Back in January 2010 the Jackrabbit team starting asking its community what did it want to see in the next version of Jackrabbit. There were some themes in the responses. High(er) levels of write concurrency, millions of child nodes and cloud scale clustering with NoSQL backends. I voted for all of these.

I was reminded of this activity by the announcement of a Oak Hackathon, or rather an Oakathon that is being organised this September at the .adaptTo conference in Berlin. This Oakathon seems to be intended to get users upto speed on using Oak, which means that it might be ready for users to take a look. So I did. The code checks out, builds and passes all its integration tests. No surprises there from the Jackrabbit team.

I am not going to pretend I understand the storage model being used or how it addresses the requirements that came out of Jackrabbit, but the Persistence implementation looks like it could be adapted to a sharded schema over many DB instances or even ontop of Cassandra. The storage model looks something like a git tree.
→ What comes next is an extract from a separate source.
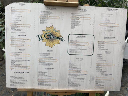 … in pausa da un sopralluogo a Viterbo, in viaggio verso Farnese, sentendo un languorino, provo a cercare lungo la strada un posticino accogliente dove magiare qualcosa A sx scorgo l’insegna di un ristorante che cattura la mia attenzione, non essendo una bellissima giornata il “Girasole”, mi è sembrata la scelta giusta, almeno come inizio, da lì a poco avrei verificato, perciò… Il posto è molto accogliente, un ampio parcheggio ti accoglie ed una scaletta ti dà l’accesso al ristorante Gli interni sono ben curati e la mise en place attenta ai dettagli, ci sono un po’ di persone anche se non è proprio l’ora di pranzo, è un po’ più tardi, ma mi accomodo ad un tavolo nell’angolo accanto ad una famigliola con un marcato accento barese in gita Il menù è visibile sia dall’app. inquadrando il QR code, sia fisicamente, preferisco l’elettronico e me lo scarico, noto con stupore una vasta gamma di piatti di pesce e non riesco a capirne il motivo, ma voglio mangiare carne e quindi concentro la mia attenzione su una tagliata di limousine rucola grana e pachino, patatine fritte e mezzo litro di rosso della casa, qui in zona di solito non si sbaglia mai e non si sballano i prezzi del conto Il servizio è discretamente veloce, ma mi stupisco che non mi abbiano chiesto la cottura della mia tagliata, ma dopo un attimo sono di ritorno x chiedermelo e tutto si risolve con una cottura abbastanza sanguinolenta Il tempo di friggere le patatine ed il gioco è fatto, la carne è tenerissima date le notevoli marezzature della carne, che poi mi spiegano essere allevata proprio in zona, x cui a km. 0 e sono proprio soddisfatto della mia scelta Poi chiedo un dessert e mi viene proposto uno zabaione della casa che mi intriga non poco, veramente spumoso e profumato di marsala con due triagolini di sfoglia croccante a cotè, delizioso … all’ingresso avevo notato un bel bar in cui c’erano delle importanti bottiglie di rum, mi faccio portare un XO di BUMBU, servito in bicchiere preventivamente scaldato x esaltarne i profumi, veramente notevole accompagnato da 3 bei pezzi cioccolato fondente Credo proprio di aver individuato il posto giusto in zona a Viterbo e credo che sarò presto di nuovo vs....

It seems to solve the many child nodes issue that Sparse Map Content solved for OAE in a slightly different, but more efficient way by using a DAG structure with pointers to a child tree rather than a parent pointer. I won’t be able to tell if the concurrency issues that caused me to have to squeeze Sparse Map Content into the Sling repository API layers, without some testing, but the approach looks like it might. Certainly the aims of the Road map cover the needs of OAE and go beyond the scale and concurrency required.

Best of all, it already has a Sling Repository implemented, so it should be relatively easy to spin up Sling on Oak and run all the tests that caused OAE to move from Sling on Jackrabbit to Sling on a hybrid of SMC and Jackrabbit.